The firms’ newly-released report is entitled Asian Distribution Dynamics 2016: Responding to an Evolving Landscape.
It highlights that excluding Hong Kong and Singapore, most Asian markets are still inaccessible to foreign managers, with some markets, such as Taiwan and Korea, showing an increase in home bias agreements.
“An absence of distribution partners and lack of brand recognition are problems new entrants have to contend with and partnering with a local partner is seen as the best way to raise assets without a large initial investment,” says Shu Mei Chua, an associate director at Cerulli, who led the report.
She notes that such strategic pacts are largely aimed at three key areas: asset growth potential, product development, and distribution dynamics.
For example, E Fund Management entered into a partnership with Danske Capital to “jointly design and promote” investments. Korea’s Samsung Asset Management and its sister company, Samsung Securities, together have four pacts with other Asian or global managers as the firm’s try to bring recognisable global managers to Korean shores.
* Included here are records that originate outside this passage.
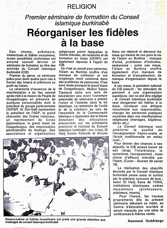 Premier séminaire de formation du Conseil islamique burkinabè : réorganiser les fidèles à la base
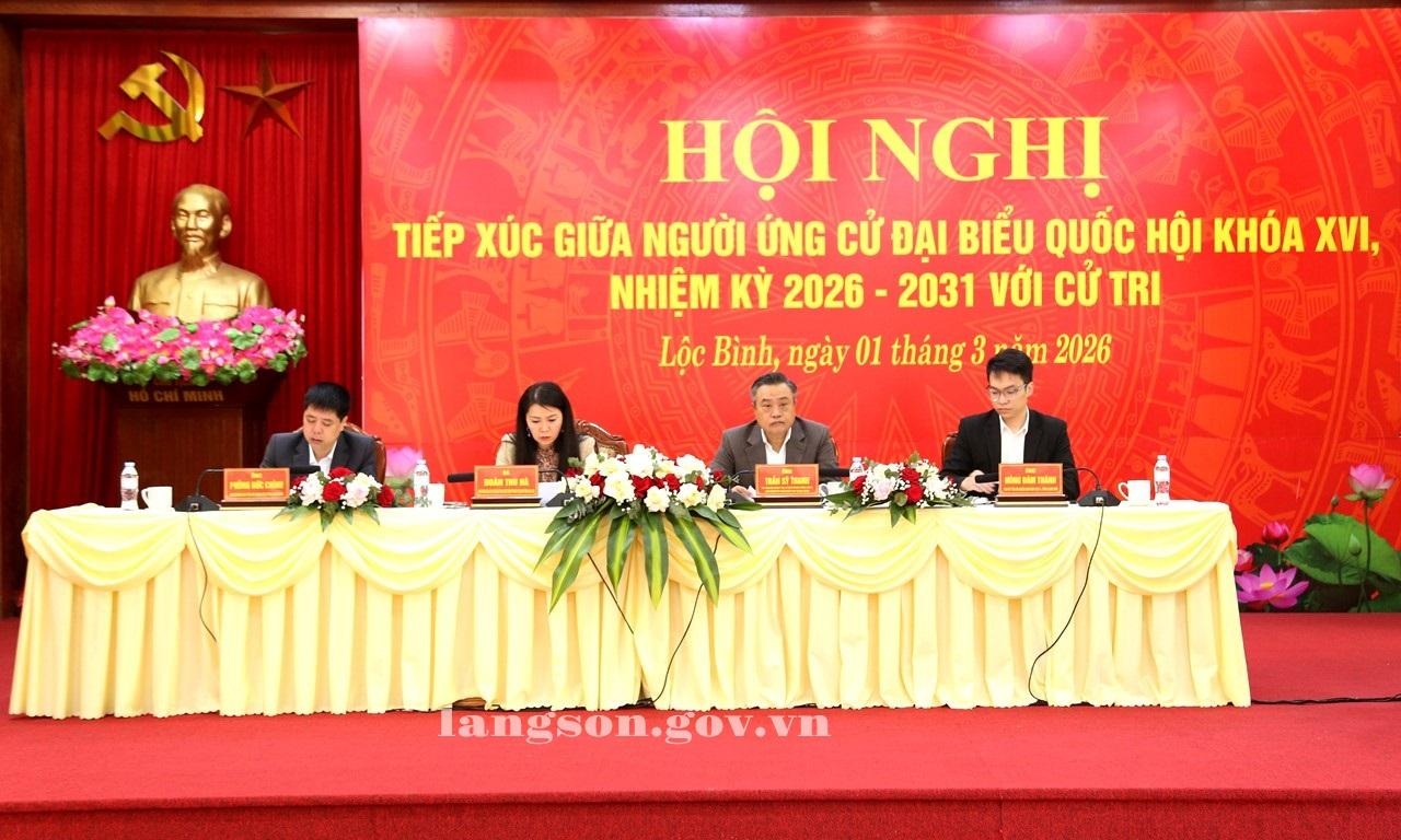 Ngày 01/03/2026, tại xã Lộc Bình, Ban Thường trực Ủy ban Mặt trận Tổ quốc tỉnh Lạng Sơn tổ chức Hội nghị tiếp xúc cử tri để người ứng cử đại biểu Quốc hội (ĐBQH) khóa XVI, nhiệm kỳ 2026 - 2031 vận động bầu cử thuộc đơn vị bầu cử số 1.
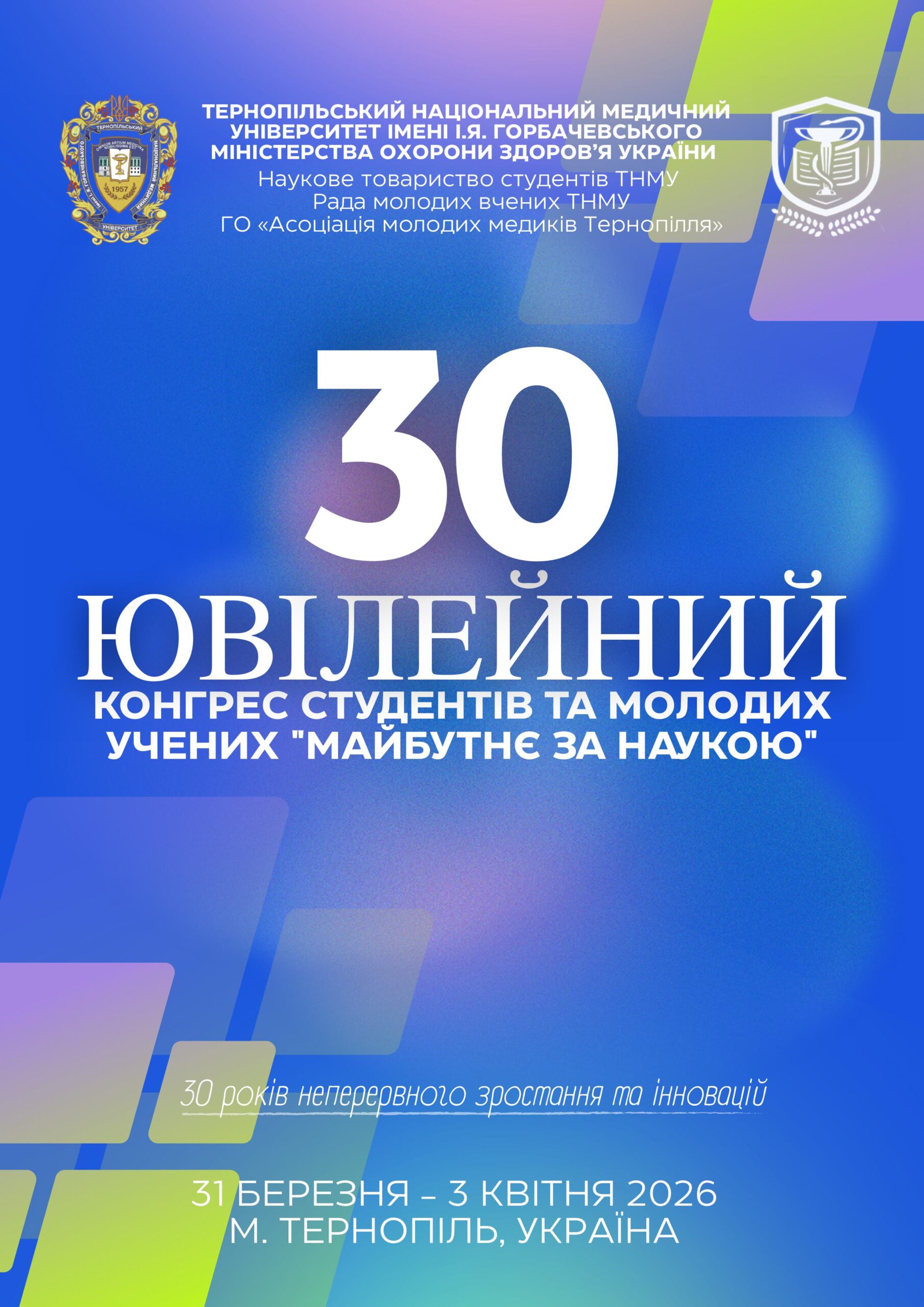 Наукове товариство студентів та Рада молодих вчених Тернопільського національного медичного університету імені І.Я. Горбачевського Міністерства охорони здоров’я України запрошує вас взяти участь у XXX Конгресі студентів та молодих учених «Майбутнє за наукою», який відбудеться у м. Тернопіль з 31 березня по 03 квітня 2026 року.
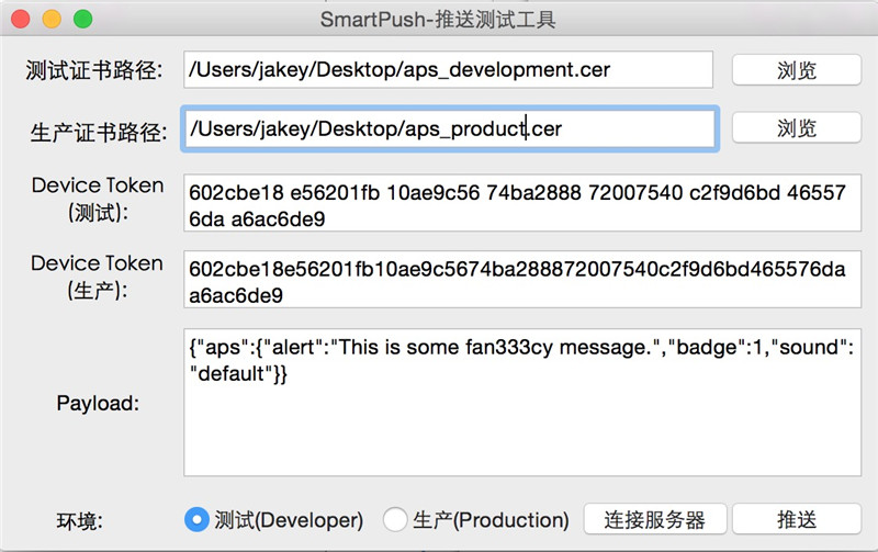接下来我们用SmartPush来测试一下我们的推送:https://github.com/shaojiankui/SmartPush
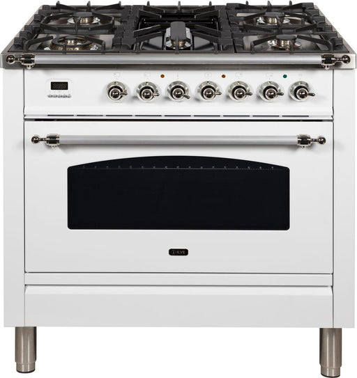 ILVE Nostalgie II 40" Dual Fuel Natural Gas Range, White, Bronze Trim UPD40FNMPWHB
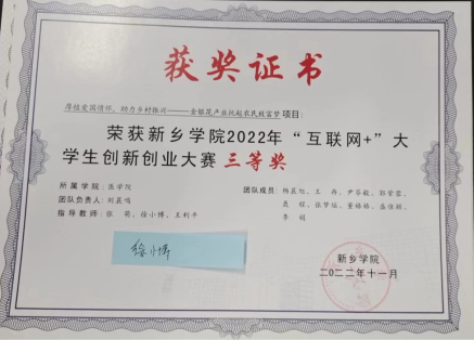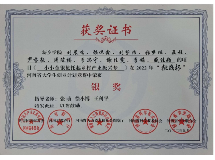 为助力乡村振兴、扎实推进yl6809永利集团与封丘县“校地结对帮扶”工作,我校与新乡市博凯生物技术有限公司进行校企合作,成立了“yl6809永利集团·博凯药用植物绿色合成研发中心”,开展金银花等道地药材的综合开发利用合作项目。依托此横向项目和省级科研项目,在创新引飞导师徐小博博士的带领下,组建了一支“创新引飞导师+学生”生物资源开发利用小分队,开展了相关课题的研究,让学生参与实质性的科研活动中,培养学生的创新意识和创新能力,指导学生完成国家级和省级大学生创新创业训练计划项目各1项;指导学生参加学科比赛,获得“挑战杯”河南省大学生创业计划竞赛银奖1项,省级生命科学竞赛三等奖1项,校级“互联网+”大学生创新创业大赛三等奖,使学生得到全方位发展。
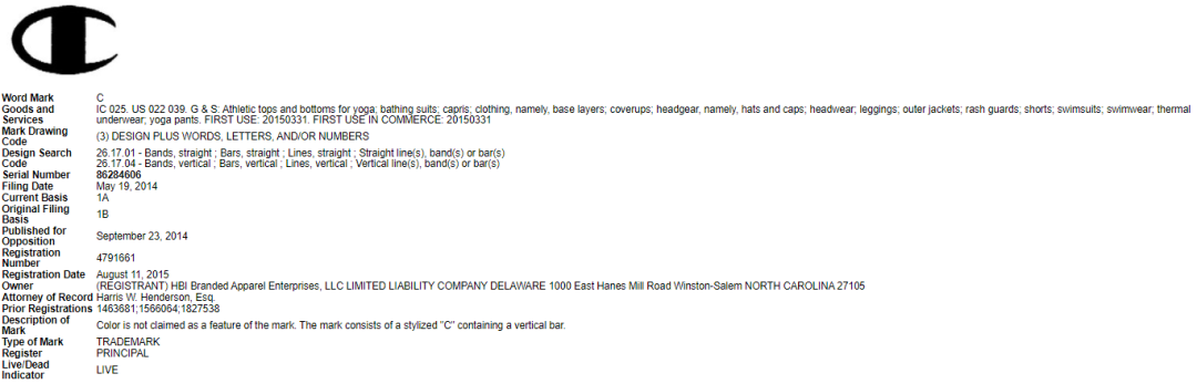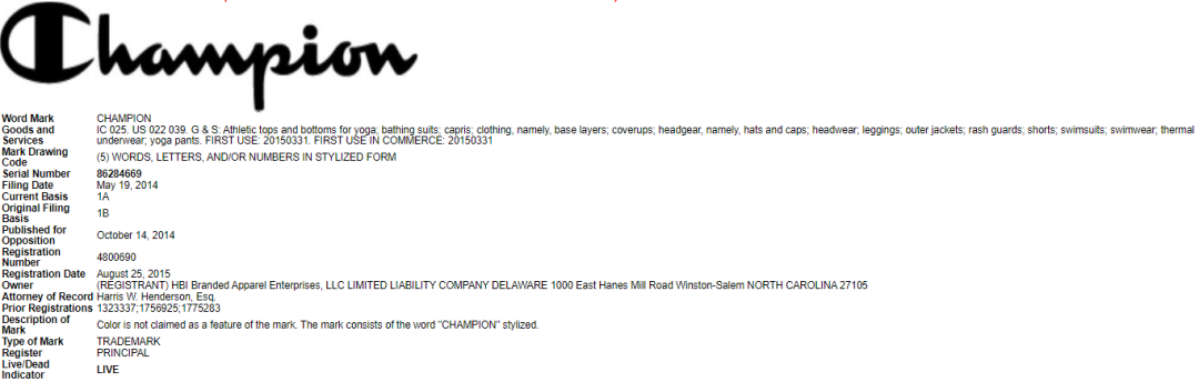 涉及商标:品牌名称Champion及C字LOGO

‘Tighter regulatory environment’
“While most partnerships entered into so far are targeting joint product developments, we expect strategic partnerships to get more creative in light of a tighter regulatory environment and the rise of financial technology,” added Chua.
Cerulli’s report says that many asset managers are looking to alternative methods of distribution in the region, dominated by brokerages and banks, with digital channels set to play a big part in the next stage of distribution.
Digital marketing ‘increasingly prevalent’
It points that digital marketing is increasingly prevalent in the region with fund managers in China and India having the largest budget allocations relating to using various digital tools in a bid to reach investors.
The use of messaging app WeChat to promote funds and provide investor education is considered “indispensable for managers looking to gain customers in China,” said Ivan Han, a senior analyst with Cerulli.
He adds that robo-advisors are possibly on the cusp of disrupting the asset management industry in Asia by forcing the industry to consider how to offer inexpensive, scalable advice to the majority of investors who are often ignored because they have smaller accounts.
“Robo-advisory is more of a distribution story in that it allows managers to tap capital from investors who had been reluctant to invest in mutual funds due to a lack of advice,” Han said.